Taking from the Twenty-Fifth Amendment: Lessons in Ensuring Presidential Continuity
Joel K. Goldstein
Saint Louis University - School of Law
April 8, 2011
Fordham Law Review, Vol. 79, p. 959, 2010
Saint Louis U. Legal Studies Research Paper No. 2010-36
Although some have criticized the Twenty-fifth Amendment to the United States Constitution for leaving gaps in America’s provisions for addressing presidential succession and inability, such complaints are misguided. The Amendment represented a major step forward by providing sensible and workable procedures to remedy some of the most glaring problems the nation faced. Its architects recognized the remaining gaps but realized that advancing a more comprehensive measure would preclude any progress. Nonetheless, remaining gaps present an unacceptable risk that the United States will find itself without a functioning President whose exercise of presidential powers and duties is seen as legitimate.
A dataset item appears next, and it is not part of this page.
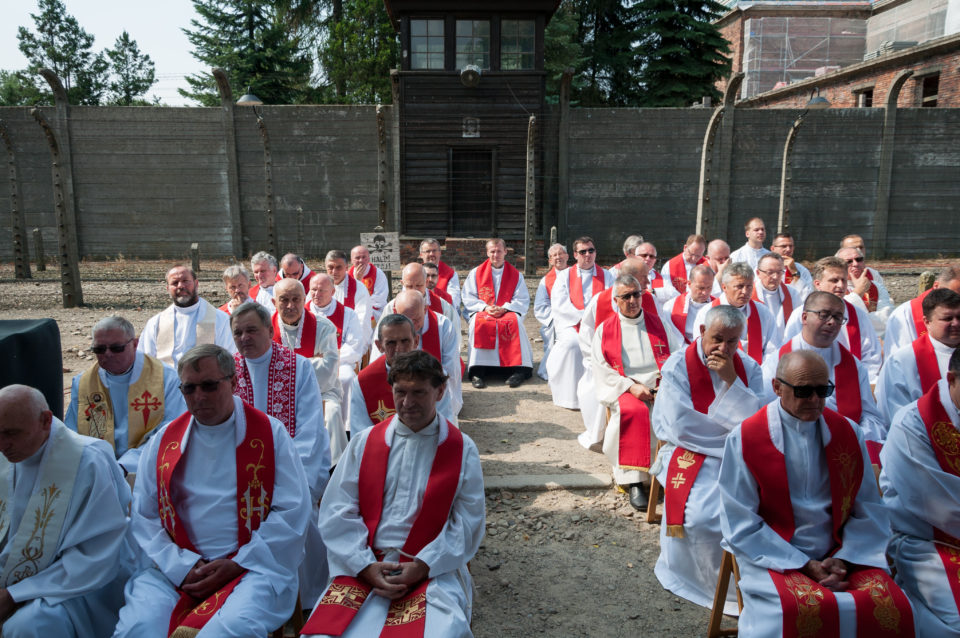 Przy polowym ołtarzu obok bloku 11 wspólnie z metropolitą krakowskim abp. Markiem Jędraszewskim modlili się: ordynariusz bielsko-żywiecki – bp Roman Pindel, bp Ludwig Schick z Bambergu, bp Stanisław Dowlaszewicz z Santa Cruz w Boliwii, Tadeusz Rakoczy – bielsko-żywiecki biskup senior, Kazimierz Górny – rzeszowski biskup senior i pierwszy proboszcz parafii św. Maksymiliana w Oświęcimiu, ojcowie franciszkanie konwentualni oraz kapłani z archidiecezji krakowskiej i diecezji bielsko-żywieckiej. Na zakończenie odśpiewany został hymn Te Deum Laudsmus, jako dziękczynienie za dar Eucharystii w miejscu męczeńskiej śmierci św. Maksymiliana, za ogłoszenie świętego patronem ziemi oświęcimskiej, a także, w sposób szczególny w tym roku, za dar wolnej Polski w 100-lecie odzyskania niepodległości. Arcybiskup Marek Jędraszewski poświęcił obraz z wizerunkiem św. Maksymiliana. Wierni mogli uczcić relikwie św. Maksymiliana oraz pomodlić się w celi śmierci.

What is unconscionable is the failure of Congress to address those gaps since the ratification of the Twenty-fifth amendment in 1967, particularly since the intervening years have drawn attention to the remaining problems. This article argues that the Amendment, in addition to its specific procedures, offers two other virtues which may usefully guide further reform efforts. The Amendment represents important constitutional values which should influence the search for solutions to remaining problems. Moreover, the Amendment was the product of successful legislative strategies in an area that generally proves resistant to such measures. This article identifies the constitutional values and legislative lessons implicit in the Amendment and suggests how they might inform future reform efforts to better ensure presidential continuity.